I say I love you, but do I show it?

The connection between our words and actions.

I’m hearing it, but I’m not feeling it. I’m sensing a disconnect between what you’re saying and what you are doing. Your thoughts and behaviour are not in alignment. I always say how much I love you, why isn’t that enough?

Yes, why isn’t it enough?

It isn’t enough because our words must be teamed together with action otherwise an inherent distrust in the words spoken starts to developed.

Now, why is there a disconnect between what we say and what we do? Many reasons, but some include:

· a genuinely dishonest person

· a person who is trying to manipulate or get something from the other person

· the person is unaware of themselves (thoughts and actions) and thus hasn’t perceived any disconnect

· the person is trying to act in a way that garners praise/reassurance/positive reinforcement from the other person

· the person hasn’t honestly communicated with the other person how they feel and what’s on their mind/of concern to them.
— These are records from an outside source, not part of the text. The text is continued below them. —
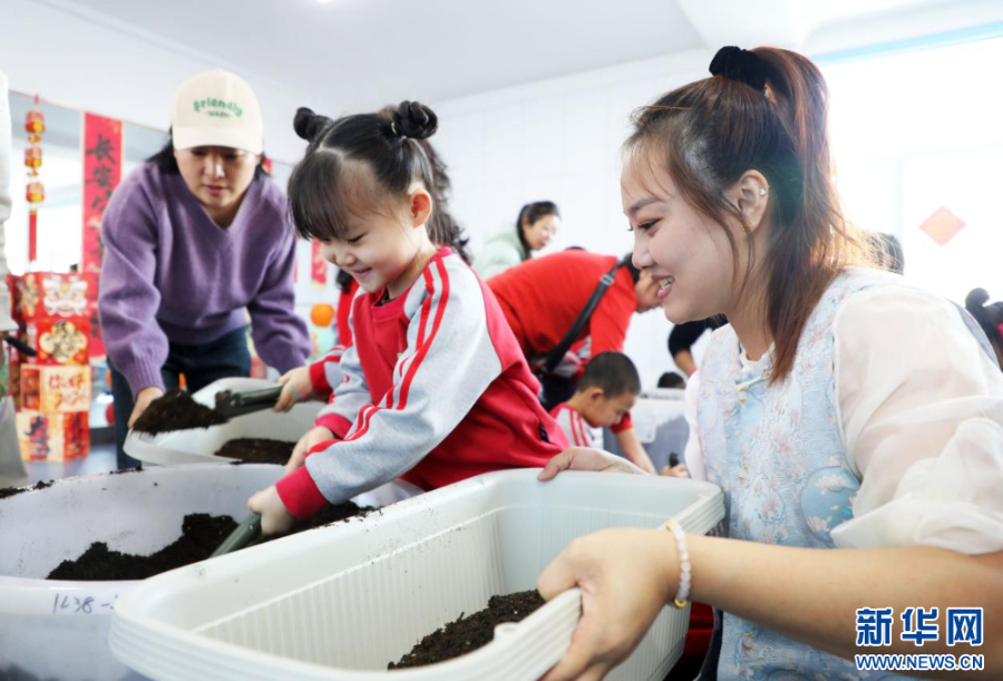 1月9日,在内蒙古自治区扎兰屯市繁荣办事处新风社区阳光农场,小朋友挖土种植蔬菜。新华网发(韩颖群 摄)
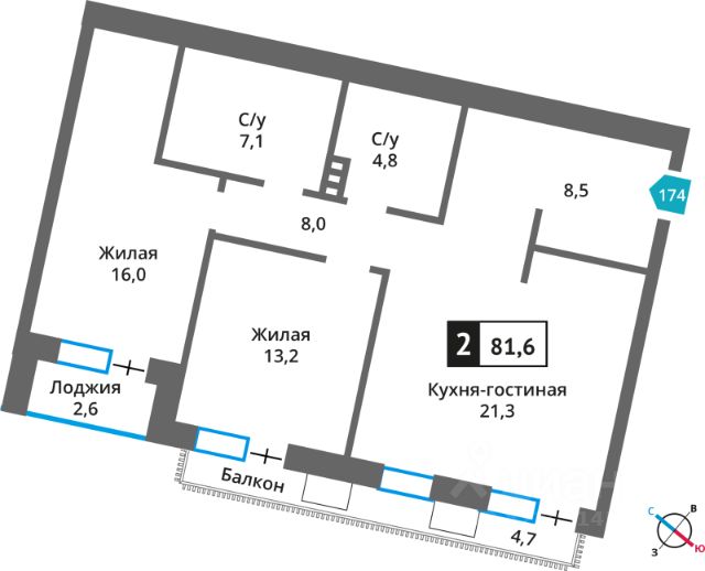 Продаётся 2-комнатная квартира в строящемся доме (Корпус 41), срок сдачи: II-кв. 2026, общей площадью 81.6 кв.м., на 2 этаже. Новый жилой комплекс "Отрада на реке" от Застройщика Отрада Девелопмент
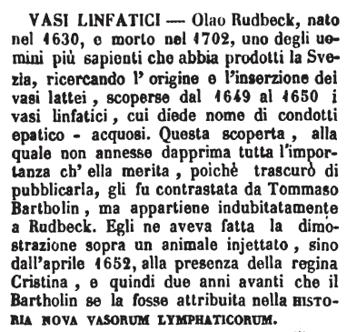| Vasi linfatici - Olao Rudbeck, nato nel 1630, e morto nel 1702, uno degli uomini più sapienti che abbia prodotti la Svezia, ricercando l'origine e l'inserzione dei vasi lattei, scoperse dal 1649 al 1650 i vasi linfatici, cui diede nome di condotti epatico - acquosi. Questa scoperta, alla quale non annesse dapprima tutta l'importanza ch'ella merita, poichè trascurò di pubblicarla, gli fu contrastata da Tommaso Bartholin, ma appartiene indubitatamente a Rudbeck. Egli ne aveva fatta la dimostrazione sopra un animale injettato, sino dall'aprile 1652, alla presenza della regina Cristina, e quindi due anni avanti che il Bartholin se la fosse attribuita nella historia nova vasorum lymphaticorum. [immagine] |
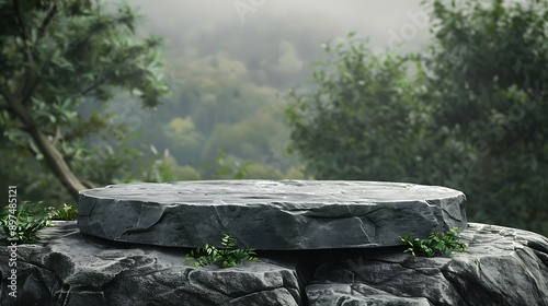 © XtzStudio, Obraz premium Stone Platform in Lush Jungle
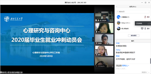 2020届毕业生就业冲刺动员班会在线上召开,出席会议的老师有中心主任陈华、直属党支部副书记柯小君、辅导员樊菊。本次会议由樊菊老师主持,中心研究生及本科毕业班全体同学参加。
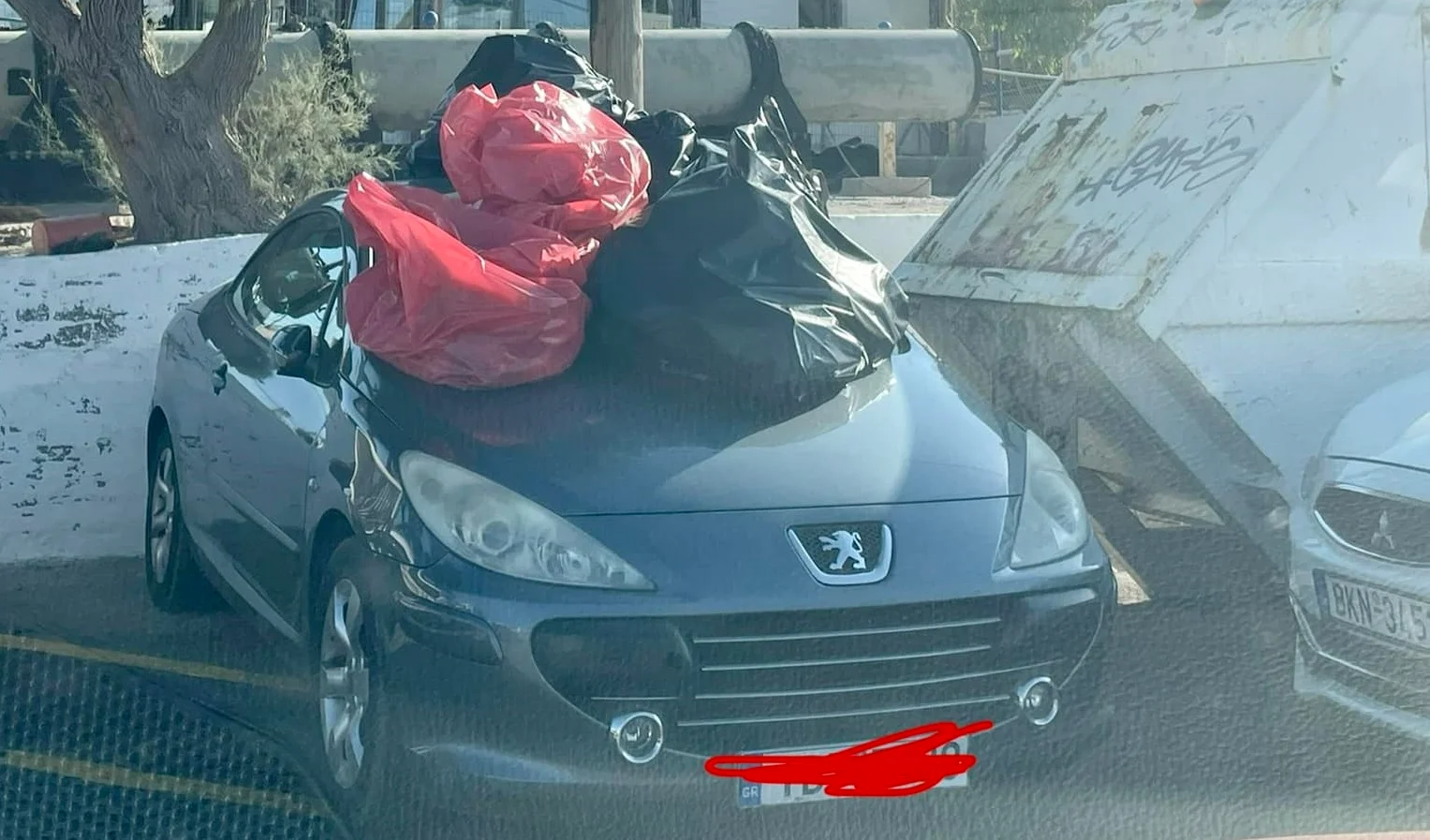 Ένα αυτοκίνητο ήταν παρκαρισμένο μπροστά από κοντέινερ σκουπιδιών, στη Σύρο, με τους πολίτες να εναποθέτουν τα σκουπίδια τους στο παρμπρίζ του.
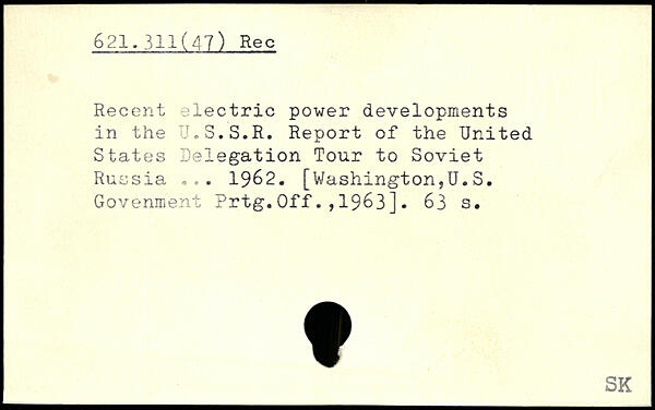 Recent electric power developments in the U.S.S.R. Report of the United States Delegation Tour to Soviet Russia 1962. [Washington,U.S. Govenment Prtg.Off1963].
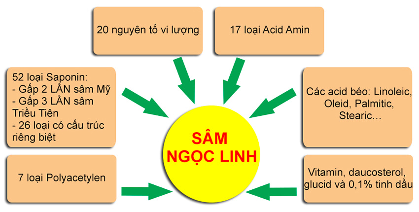 ✔ Những kết quả phân tích thân, rễ và củ của Sâm Ngọc Linh, các nhà khoa học xác định được có các loại Saponin, trong đó có nhiều Saponin có cấu trúc hóa học thường thấy trong sâm Hàn Quốc, sâm Mỹ, sâm Nhật Bản và nhiều Saponin có cấu trúc mới, không có trong các loại sâm khác. Như vậy Sâm Ngọc Linh là một trong những loại sâm có hàm lượng Saponin nhiều.
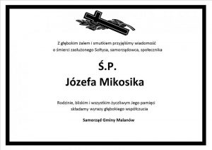 Józef Mikosik pełnił funkcję gospodarza wsi od 2000 roku, będąc jednocześnie najstarszym sołtysem w gminie. Niedawno po dwóch dekadach sprawowania tej zaszczytnej funkcji złożył rezygnację. Dziś o śmierci zasłużonego sołtysa, samorządowca, społecznika poinformowali samorządowcy gminy Malanów.
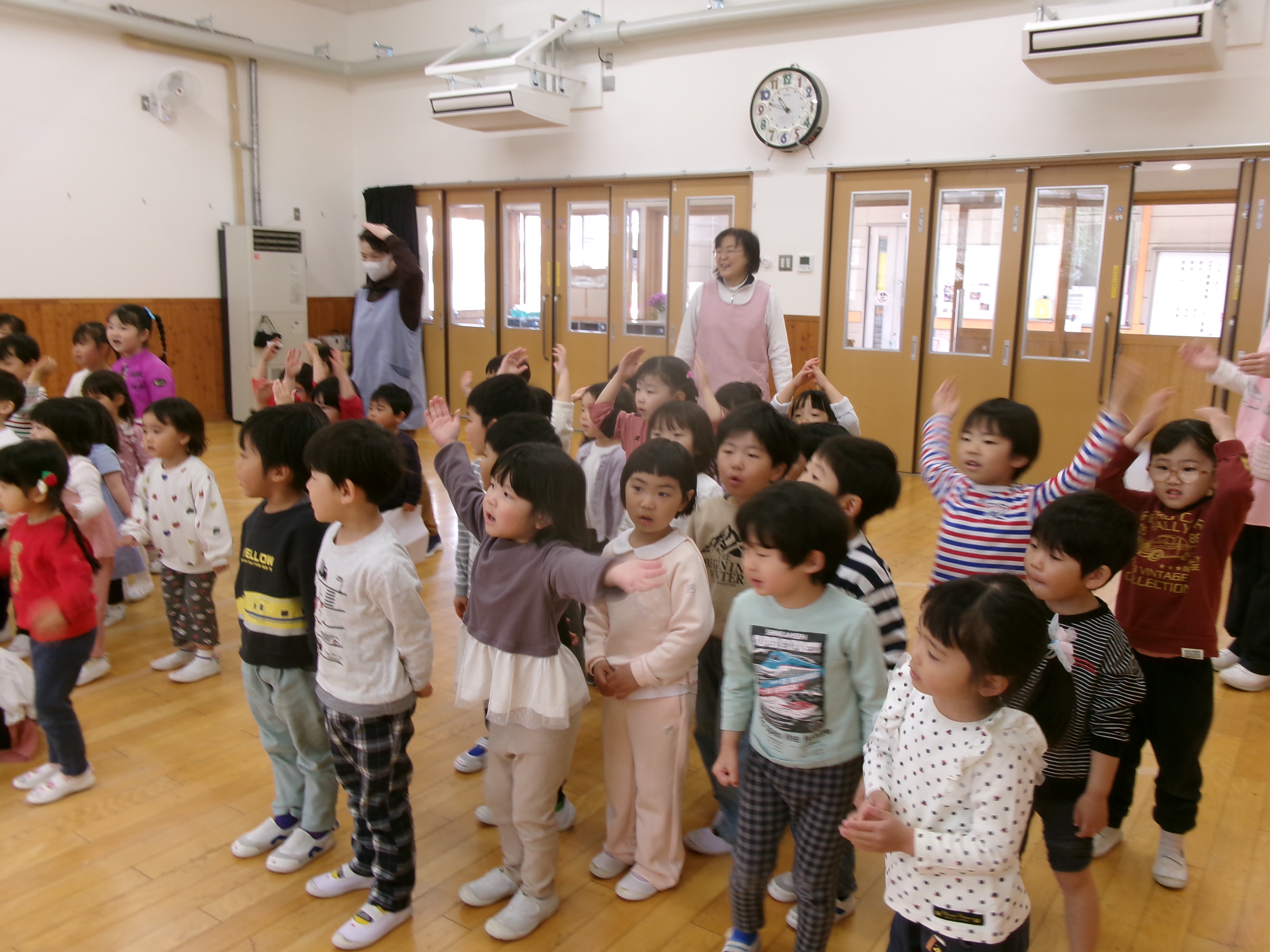 NEWS & TOPICS 2026/04/24 園の様子 2026/04/24 ◯音楽集会 今年度初めての音楽集会がありました。 もうすぐ春の遠足があるので、遠足にちなんだ選曲です。 遠足と言ったら、おにぎりでしょ!ということで、「あ・い・う・え・おにぎり」を歌いました。 あ・い・う・え・おにぎり~♪ あ・い・う・え・おにぎり~♬ 楽しく歌って、遠足がますます楽しみになりました。おうちでも、たくさん歌ってくれるといいな。 ◯保育ドキュメンテーション 前へ 一覧にもどる

· The person is trying to mask how they truly think and feel out of fear of a negative response from the other person and/or negative feelings arising in themselves.

As I have written in another article on vulnerability and the fear of being yourself, it is imperative that we all find someone that we can express our vulnerability towards. Now, if we have this person and we don’t show our true selves to them, the most pertinent question is why? Why do I feel I cannot communicate honestly with this person? What is holding me back or making me feel cautious or reluctant to give the deepest parts of my soul to this person?

The answer/s to the aforementioned questions may indeed be unpleasant – more than unpleasant, even – which is probably why one avoids asking themselves such things. However, the longer these questions go answered, generally speaking, the worse it is for both you and the this other person.

With a difference between your words and actions, there is a deception going on. Now, whether this deception is unintentional or deliberate is important, but it’s not the point I’m making here. The dangerous part here is that this can originate from deception within you i.e. self-deception.

Here are a couple of Dostoevsky quotes regarding lying to yourself that I quite like:

“Above all, do not lie to yourself. A man who lies to himself and listens to his own lie comes to a point where he does not discern any truth either in himself or anywhere around him, and thus falls into disrespect towards himself and others.”

“A man who lies to himself is often the first to take offence. It sometimes feels very good to take offence, doesn't it?”

Both these quotes come from the same passage in Book II, Chapter 2 of The Brothers Karamazov – of which I’m currently reading. It’s amazing how insightful old texts (still) are.

One of the main things we can sometimes say to ourselves is that we’re withholding something we have to say in order to “protect” the other person. I generally tend to find this is being used as a mask to cover up something that one is afraid/fearful of saying and that the other person doesn’t want or need said protection and, if anything, would prefer if they were open and honest with them.

The disjunction between love and reason is one of the major problems of humanity and we haven’t managed to find a way to overlap them completely (and maybe there isn’t). So, this leads us to sometimes being forced to choose between benevolence and what makes sense. It could be that the point is this...maybe making sense isn’t everything?